**The problem:**
Write out the listing from the line with "激烈的比賽現(xiàn)場(chǎng)" to the line with "The key challenge", both lines included, exactly and nothing beyond. Leave pictures out.

**Extracted entries:**
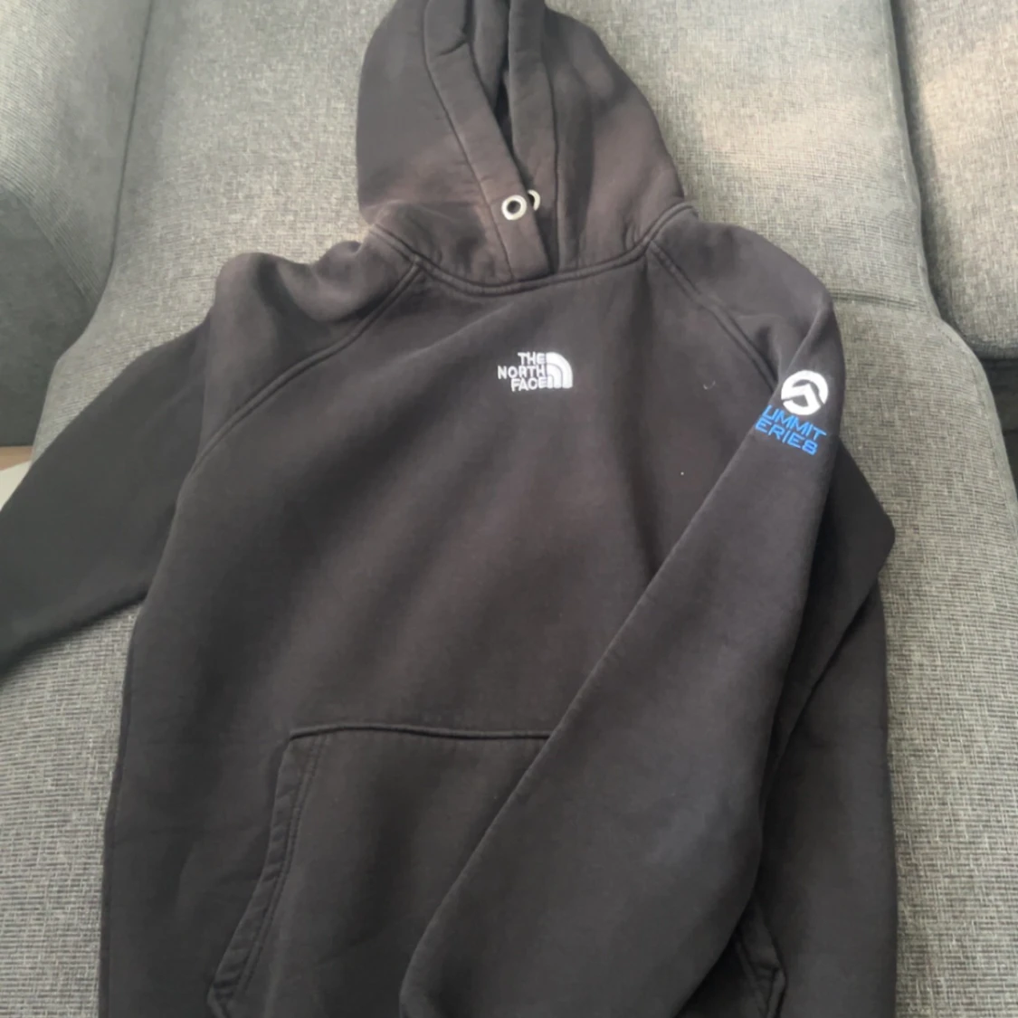 Säljer en svart hoodie från The North Face med logga på bröstet och ärmen. Köpt för ungefär 3-4 månader sedan. Storlek M
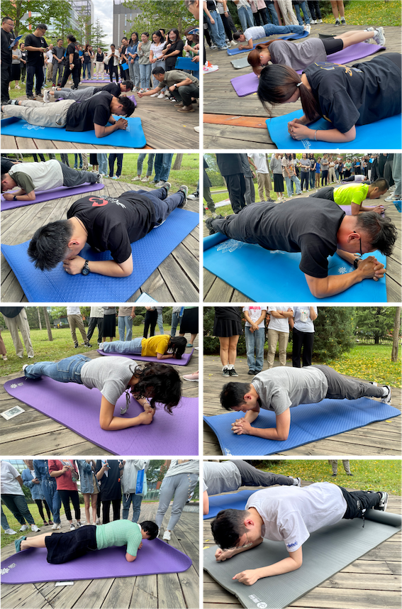激烈的比賽現(xiàn)場(chǎng),選手們擺好標(biāo)準(zhǔn)姿勢(shì),蓄勢(shì)待發(fā)。隨著時(shí)間的推移,大家不斷突破身體極限,每多一秒都是一份堅(jiān)持、一份超越,激發(fā)了大家敢為人先、不甘落后的斗志。場(chǎng)邊圍觀的員工也被現(xiàn)場(chǎng)的氣氛所感染,大聲吶喊助威,躍躍欲試。
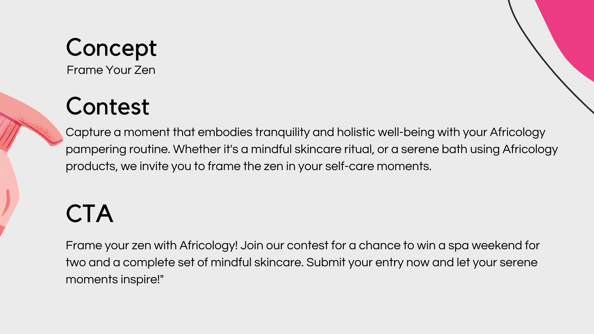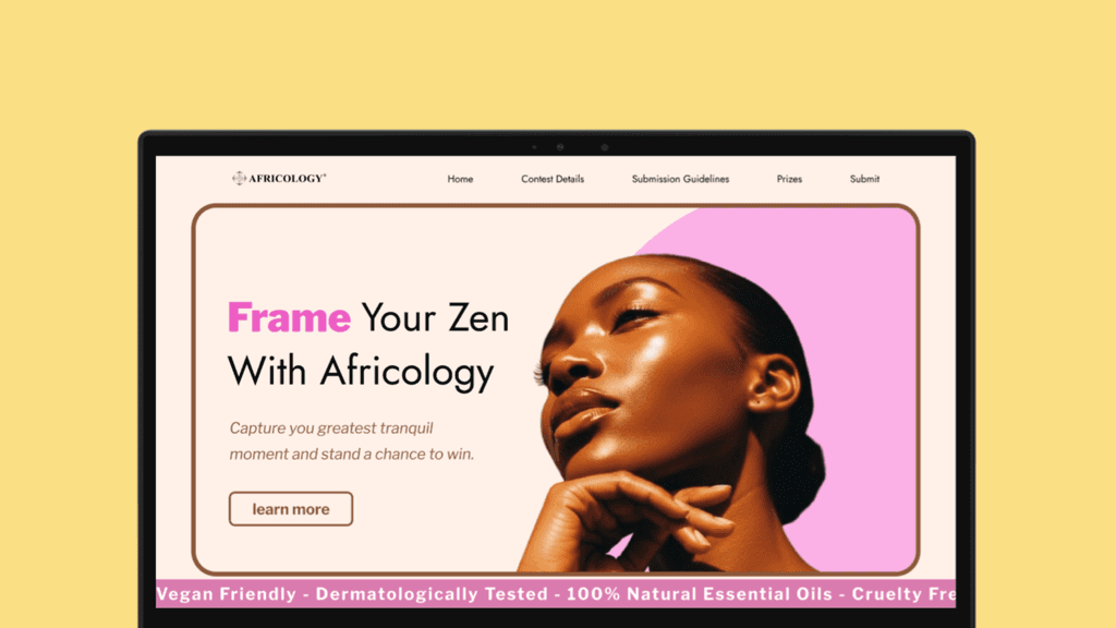 The key challenge was creating a digital experience that genuinely reflects Africology’s holistic, tranquil identity while still meeting the functional demands of an online competition. The microsite needed to feel calming yet compelling, visually rich yet minimal, and informative without overwhelming users. Balancing brand storytelling with clear, intuitive interaction design was essential—ensuring that users could enter effortlessly, avoid confusion or friction, and feel cared for throughout the experience, just as they would with Africology’s physical products.
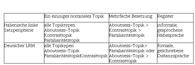 Schließlich konnten wir feststellen, dass im Deutschen der LRM vor allem in den schriflichen Daten der Pressetexte genutzt wird, während der LRM in gesprochen-sprachlichen Daten – wenn überhaupt – nur mit einem einzigen nominalen Topik und nie mit mehr als einem Topik besetzt wird. Die mehrfache Besetzung des LRMs ist also in unseren Daten nur in den Pressetexten und nicht in den Gesprächen aus FOLK belegt. Dies scheint dafür zu sprechen, dass im Deutschen die Besetzung des LRMs mit nominalen Konstituenten ein Kennzeichen distanzsprachlicher Texte darstellt. Dies steht im Gegensatz zur Besetzung der italienischen linken Satzperipherie durch nominale topikalisierte Konstituenten, die typisch für informelle, NäheSprache ist. Dies bedeutet, dass sich der LRM des Deutschen und die linke Satzperipherie des Italienischen im Hinblick auf das Register unterscheiden bzw. einander nicht entsprechen.
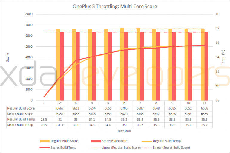 Соответственно, тестовый пакет GeekBench 4 продемонстрировал различные результаты для многоядерного теста. Так, версия GeekBench 4 из Play Store демонстрировала результат на уровне 6650-6700 баллов. В то же время как собственная сборка GeekBench 4, которая не определялась встроенным ПО смартфона в качестве тестового приложения, демонстрировала результат на уровне 6300-6350 баллов. Результат тоже вполне хороший, но всё же не столь высокий, как в специальном режиме работы. Но именно этот результат даёт более реальную оценку производительности смартфона OnePlus 5 при типичном использовании.
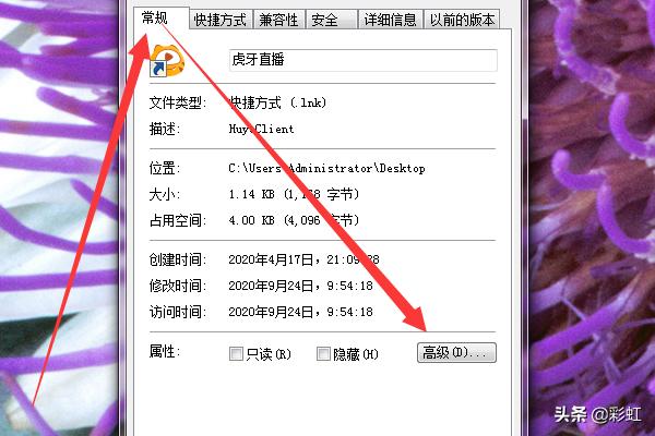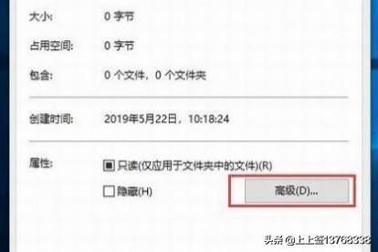2、操作二:加密文件夹 属性窗口中,常规选项卡下选择高级;操作图片如下。
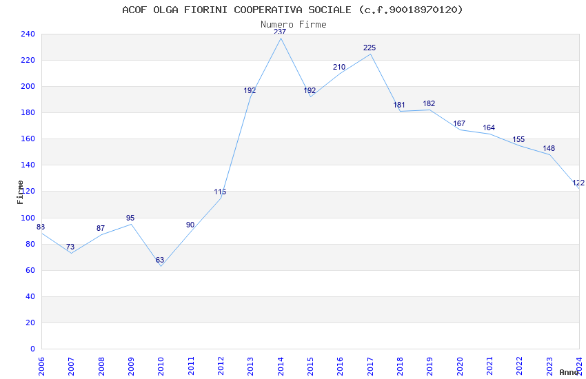 | 2014 | 237 | 6.627,99 | 27,97 | 8.191 | 1.916 | 153 | 22 |
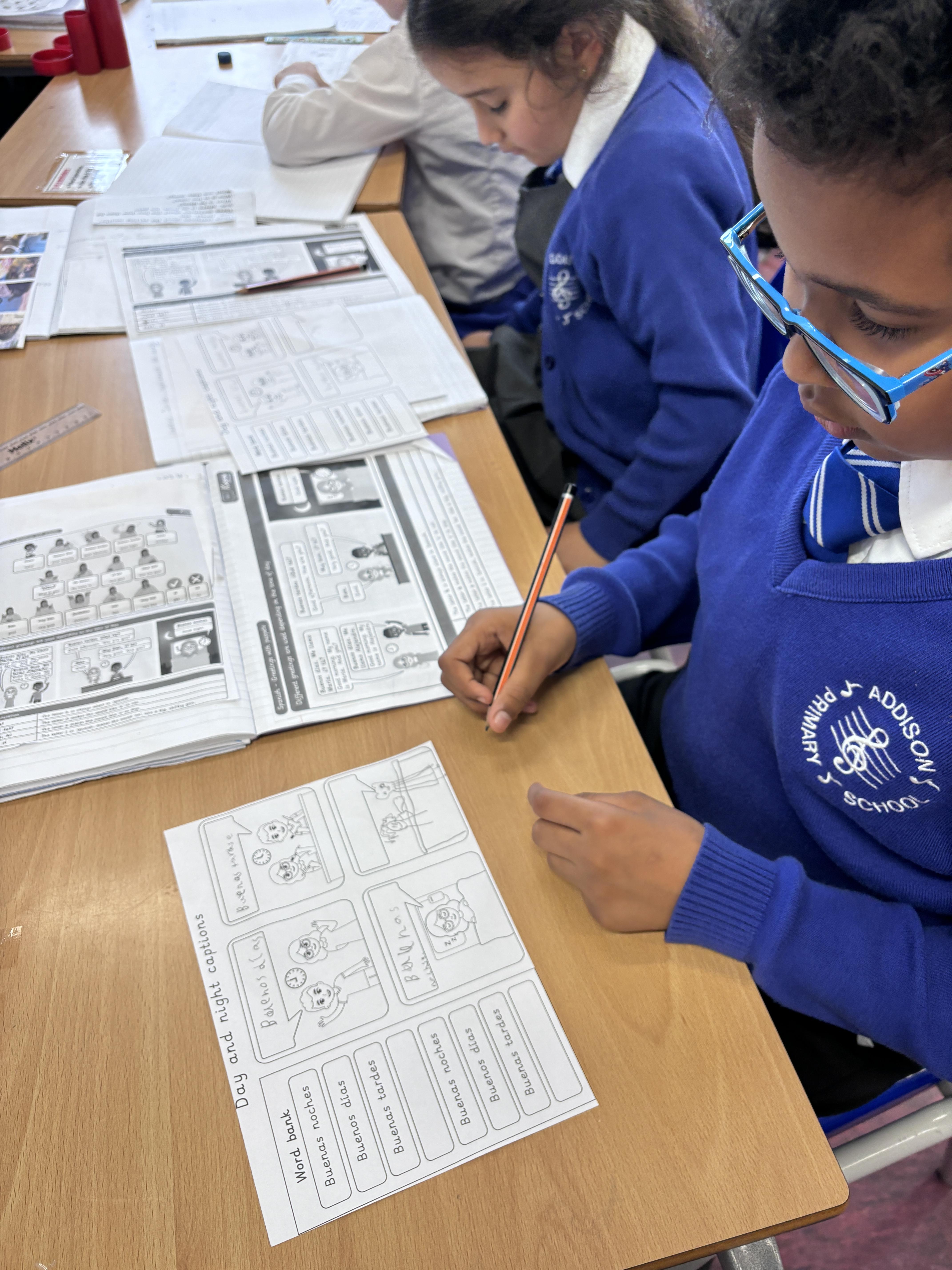 Spanish- We have been learning different greetings in Spanish for good morning, good afternoon and good evening. We really enjoy using drama to act out our spanish.
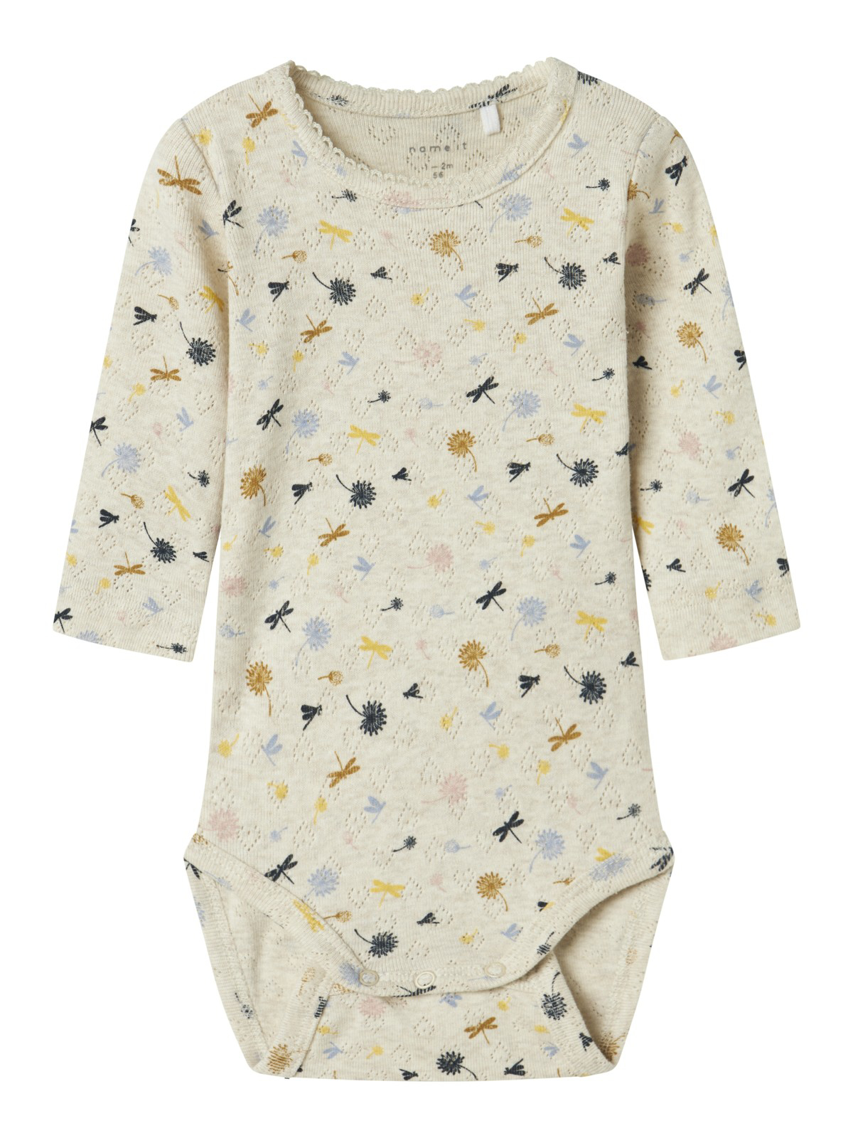Sød Hummel Body fra Hummel til pige i råhvid med små Hummel logoer i forskellige farver over det hele. Den har praktiske trykknapper ved skulder og gylp.
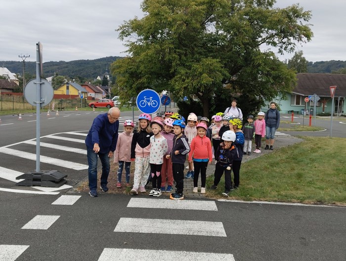 Páteční dopoledne prvňáci strávili na Dopravním hřišti v Odrách. Zopakovali si zásady bezpečného chování chodce v silničním provozu a seznámili se s některými pravidly pro cyklistu. Nabyté vědomosti si mohly děti vyzkoušet na dopravním hřišti, po kterém se pohybovaly na kolech, koloběžkách, pěšky. Odměnou jim byla projížďka speciálním elektromobilem.
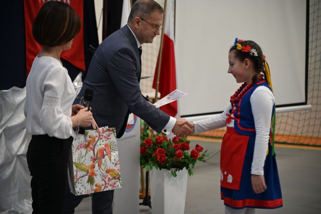 Podczas uroczystości podsumowane zostały zorganizowane w szkole konkursy wiedzy i plastyczny z okazji rocznicy wybuchu Powstania Wielkopolskiego i wręczenie nagród ich laureatom.
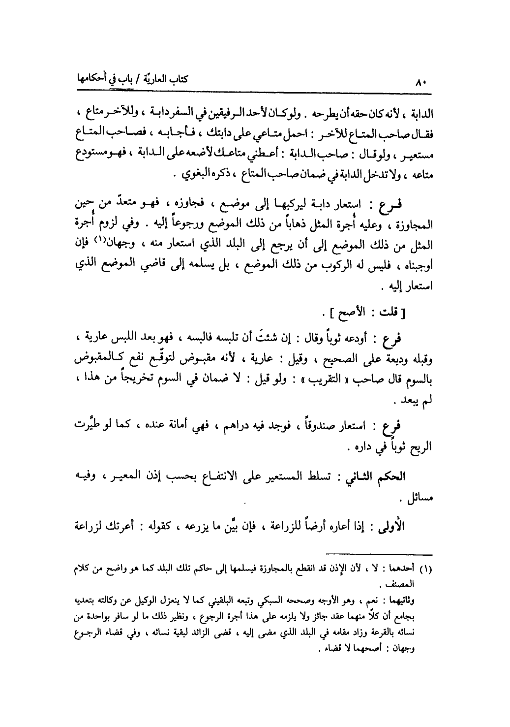 الدابة، لانه كان حقه أن يطرحه. ولو كان لاحد الرفيقين في السفر دابة، وللآخر متاع، فقال صاحب المتاع للآخر: احمل متاعي على دابتك، فأجابه، فصاحب المتاع مستعير، ولو قال: صاحب الدابة: أعطني متاعك لاضعه على الدابة، فهو مستودع متاعه، ولا تدخل الدابة في ضمان صاحب المتاع، ذكره البغوي. فرع استعار دابة ليركبها إلى موضع، فجاوزه، فهو متعد من حين المجاوزة، وعليه أجرة المثل ذهابا من ذلك الموضع ورجوعا إليه. وفي لزوم أجرة المثل من ذلك الموضع إلى أن يرجع إلى البلد الذي استعار منه، وجها ن. فإن أوجبناها، فليس له الركوب من ذلك الموضع، بل يسلمه إلى قاضي الموضع الذي استعار إليه. قلت: الاصح. فرع أودعه ثوبا وقال: إن شئت أن تلبسه فالبسه، فهو بعد اللبس عارية، وقبله وديعة على الصحيح، وقيل: عارية، لانه مقبوض لتوقع نفع كالمقبوض بالسوم. قال صاحب التقريب: ولو قيل: لا ضمان في السوم تخريجا من هذا، لم يبعد. فرع استعار صندوقا، فوجد فيه دراهم، فهي أمانة عنده، كما لو طيرت الريح ثوبا في داره. الحكم الثاني: تسلط المستعير على الانتفاع بحسب إذن المعير، وفيه مسائل. الاولى: إذا أعاره أرضا للزراعة، فإن بين ما يزرعه، كقوله: أعرتك لزراعة
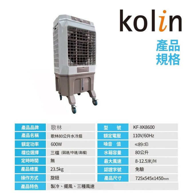 Kolin 歌林 80公升 水冷扇 KF-XK8600
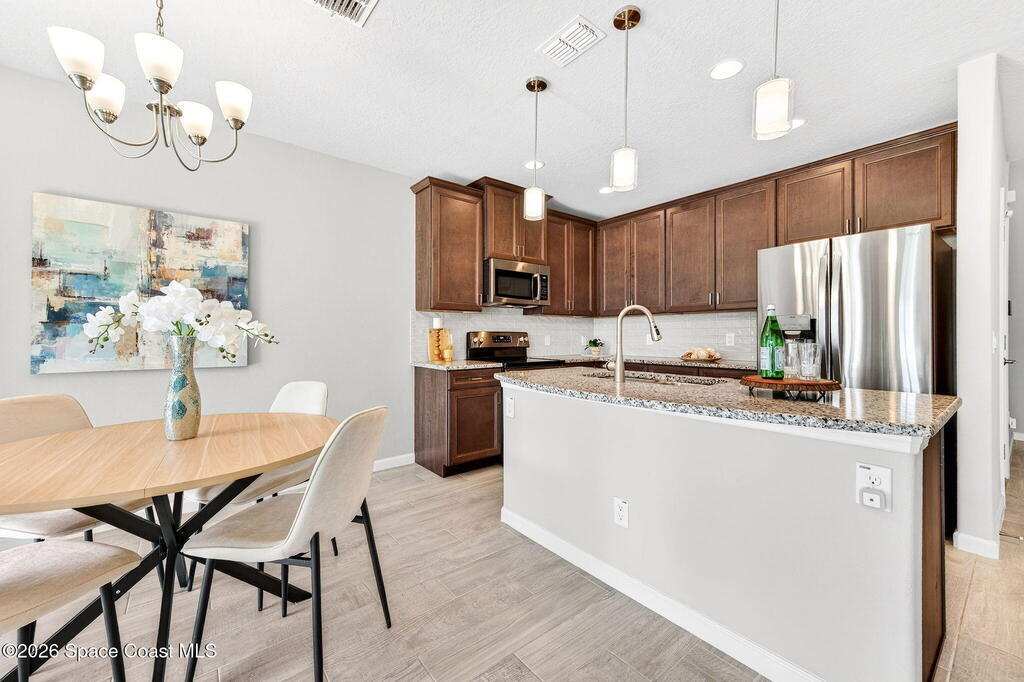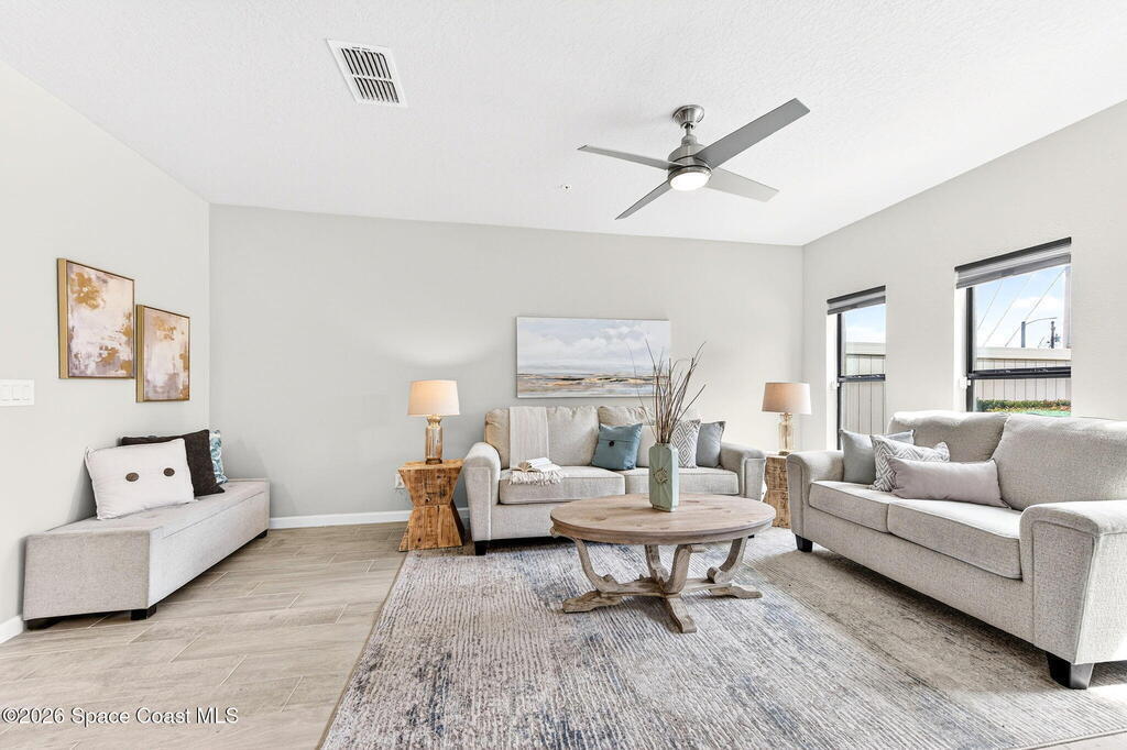 Welcome to Meadow Pointe modern living in a prime central location! BUILT IN 2020, this MOVE IN READY 3 bedroom, 2.5 bath condo with a 1 car garage has been freshly painted and professionally cleaned. The open kitchen features 42'' cabinets, stainless steel appliances, subway tile backsplash, and a spacious butler's pantry. Neutral tile flooring spans the main living areas, with comfortable carpet upstairs. The primary suite offers an ensuite bath with granite counters, dual vanities, and a large walk-in closet. Enjoy outdoor living with a charming front patio and an OVERSIZED paver back patio ideal for entertaining or relaxing. The ALL INCLUSIVE HOA covers cable, internet, lawn care/landscaping, community pool, master insurance policy, and more. Conveniently located near I-95, US-1, shopping, dining, and everyday essentials, with beaches and Patrick Space Force Base just 20 minutes away. Schedule your showing today!

**Result of the exercise:**
激烈的比賽現(xiàn)場(chǎng),選手們擺好標(biāo)準(zhǔn)姿勢(shì),蓄勢(shì)待發(fā)。隨著時(shí)間的推移,大家不斷突破身體極限,每多一秒都是一份堅(jiān)持、一份超越,激發(fā)了大家敢為人先、不甘落后的斗志。場(chǎng)邊圍觀的員工也被現(xiàn)場(chǎng)的氣氛所感染,大聲吶喊助威,躍躍欲試。
 The key challenge was creating a digital experience that genuinely reflects Africology’s holistic, tranquil identity while still meeting the functional demands of an online competition. The microsite needed to feel calming yet compelling, visually rich yet minimal, and informative without overwhelming users. Balancing brand storytelling with clear, intuitive interaction design was essential—ensuring that users could enter effortlessly, avoid confusion or friction, and feel cared for throughout the experience, just as they would with Africology’s physical products.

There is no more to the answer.